(Work order): Given the records below, the lines starting at the line with "This paper extends" and ending at the line with "为庆祝中华人民共和国成立74" should be output exactly, both end lines kept and pictures left out.
☆ ☆ ☆ ☆ ☆
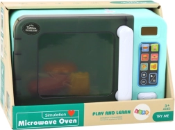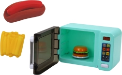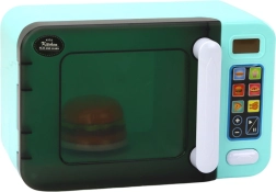 Le four micro-ondes interactif pour enfants, en couleur turquoise, transforme le jeu de cuisinier en une expérience réaliste. Il offre des effets lumineux, un plateau tournant, une porte ouvrante et des programmes de chauffage. Sont inclus des aliments ludiques (hamburger, frites, hot-dog) et des piles pour une utilisation immédiate.
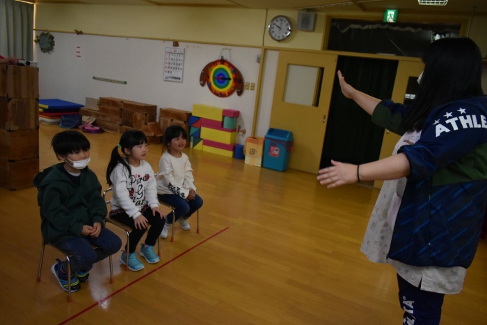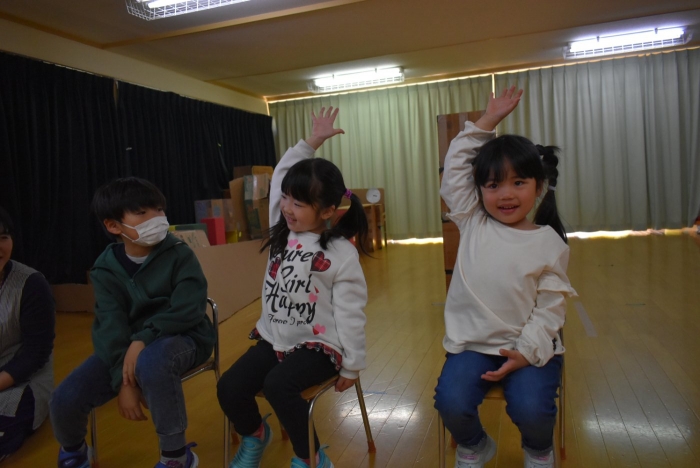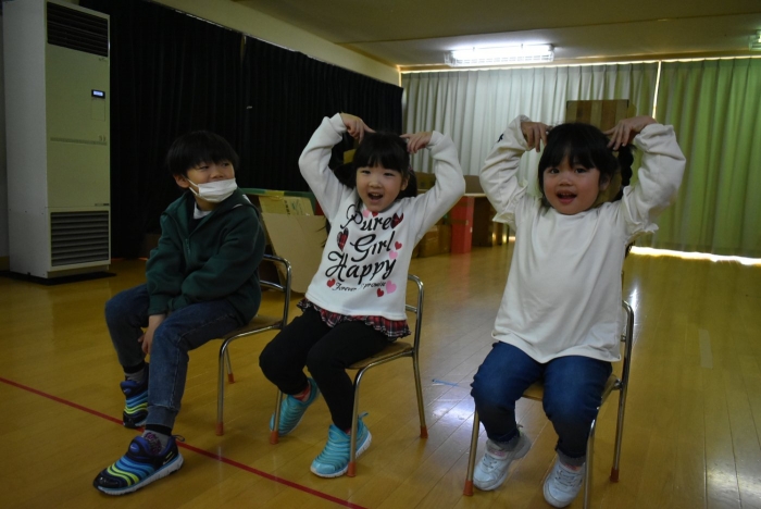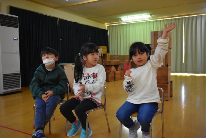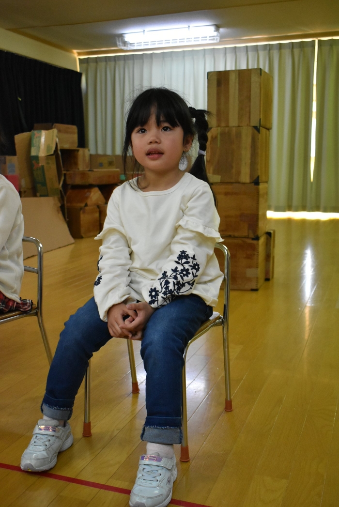 続いて,○○ちゃんに質問のある人は,かっこいいポーズを!
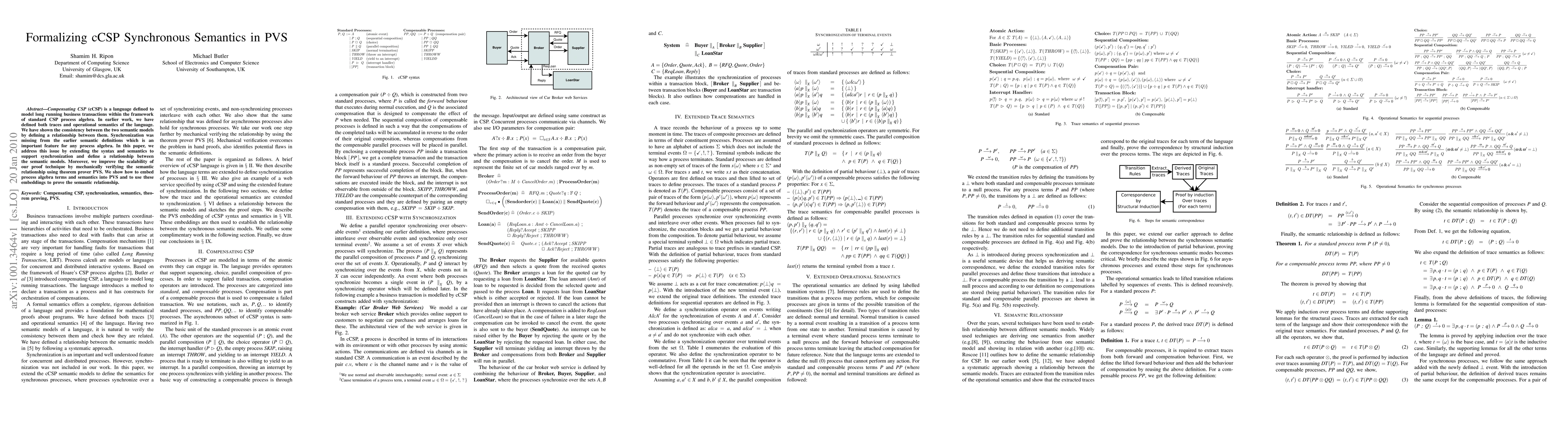 This paper extends the semantics of Compensating CSP (cCSP) to include synchronization, addressing a missing feature in earlier models. It uses PVS theorem prover to mechanically verify the consistency between the new synchronous semantics and existing operational models, enhancing the scalability and rigor of the formalization.
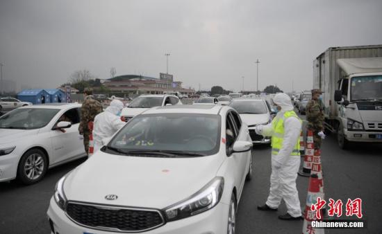 资料图:检疫人员在一高速公路服务区设专用通道,对驾乘人员逐一测量体温。中新社记者 刘忠俊 摄
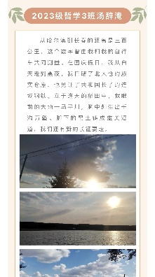 为庆祝中华人民共和国成立74周年,深入学习贯彻习近平总书记在黑龙江省视察和主持召开新时代推动东北全面振兴座谈会时的重要讲话重要指示精神,贯彻落实“学生工作部:关于开展‘我和我的祖国’宣传教育活动的通知”,教育引导青年学生弘扬爱国主义精神,哲学学院于2023年9月27日至10月15日期间开展“我和我的祖国”主题宣传教育活动。
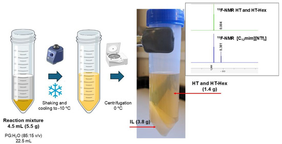 To build green chemical processes, it is necessary to develop integrated approaches for selective (bio)transformation and separation, capable of providing the products directly and the recovery for reuse of all the elements of the reaction system (e.g., biocatalysts, solvents, etc.). The SLILs (e.g., [C12mim][NTf2], etc.) are temperature-switchable ionic liquid/solid phases that behave as sponge-like systems that permit us to develop straightforward and clean approaches for product separation after the biocatalytic step by a simple protocol of cooling and centrifugation. By this approach, the SLIL precipitates as a solid salt at the bottom, while the products remain in the upper liquid phase, as pure products when they are liquids or dissolved in another green molecular cosolvent (e.g., water, etc.) previously added [14,15,17,22]. For this system, the full release of HT-monohexanoate and unreacted HT from the IL matrix could not be achieved by simple cooling and centrifugation of the reaction mixture, as occurred for volatile flavors [15]. For the proper extraction of these compounds, the addition of propylene glycol:water (PG:H2O, 85:15 v/v) green solution was necessary, providing a liquid–liquid biphasic system. This mixture was then fully shaken, cooled and centrifuged to precipitate the solid SLIL (bottom phase), while the released HT and HT-monohexanoate were accumulated in the propylene glycol:water phase (upper phase, see Figure 5). Briefly, five volumes of PG: H2O (85:15 v/v) were added to 4.5 mL (4.5 g) of the reaction mixture from the biocatalytic step for HT-monohexanoate synthesis in [C12mim][NTf2]. From the initial mass of 4.5 g, a total of 1.35 g made of HT-Hex (94%) and unreacted HT (6%) were recovered in the liquid phase. A 19F-NMR analysis (insert in Figure 5 and Figure S8) showed the presence of traces of SLIL (up to 1%) that can be fully eliminated by other classical procedures (i.e., ionic exchange column). The precipitated SLIL accounted for 4.2 g and its white color (identical to the pure SLIL) points to almost the total release of the reaction species. Only a content of 10% HT-Hex was still retained in the ionic net, having the possibility to carry out another purification step or to directly reuse this SLIL in another operational cycle.
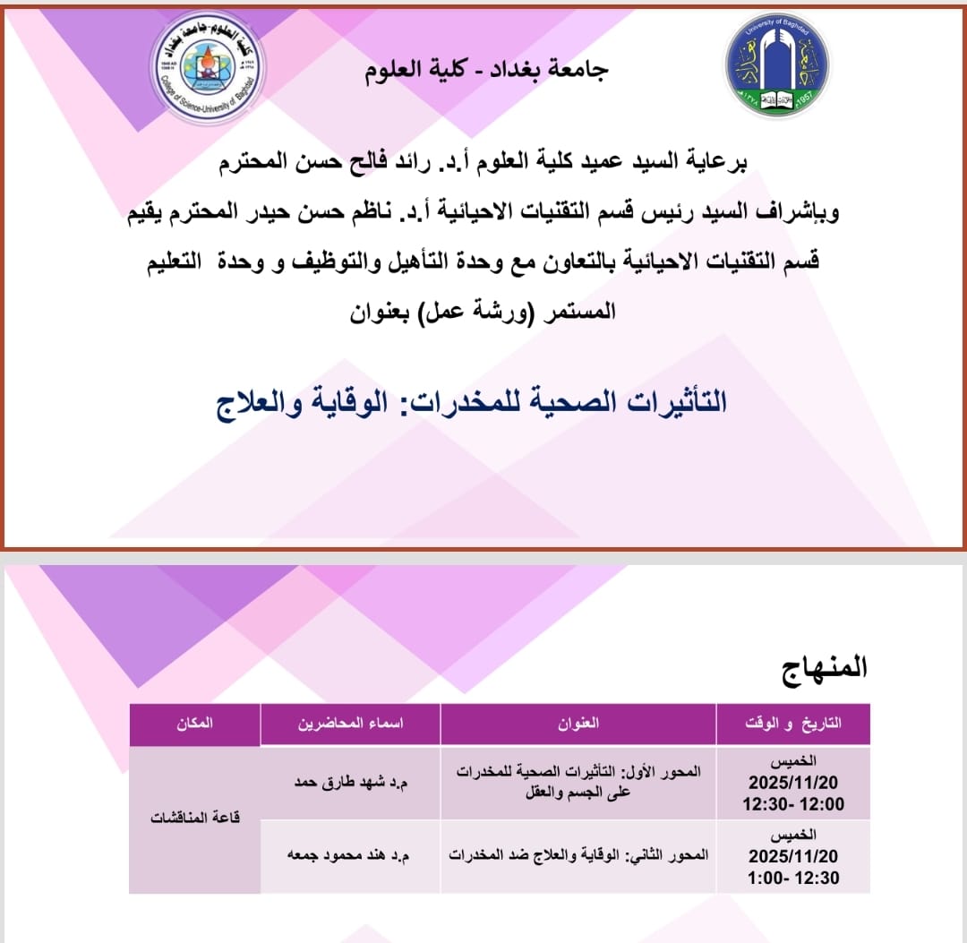 • كيف تؤثر المخدرات على الصحة الجسدية والنفسية على المدى القصير والطويل. • التأثيرات السلبية على الأعضاء الحيوية مثل القلب، الرئتين، والكبد، بالإضافة إلى التأثيرات النفسية مثل الاكتئاب، القلق، والفصام
☆ ☆ ☆ ☆ ☆
(Written response):
 This paper extends the semantics of Compensating CSP (cCSP) to include synchronization, addressing a missing feature in earlier models. It uses PVS theorem prover to mechanically verify the consistency between the new synchronous semantics and existing operational models, enhancing the scalability and rigor of the formalization.
 资料图:检疫人员在一高速公路服务区设专用通道,对驾乘人员逐一测量体温。中新社记者 刘忠俊 摄
 为庆祝中华人民共和国成立74周年,深入学习贯彻习近平总书记在黑龙江省视察和主持召开新时代推动东北全面振兴座谈会时的重要讲话重要指示精神,贯彻落实“学生工作部:关于开展‘我和我的祖国’宣传教育活动的通知”,教育引导青年学生弘扬爱国主义精神,哲学学院于2023年9月27日至10月15日期间开展“我和我的祖国”主题宣传教育活动。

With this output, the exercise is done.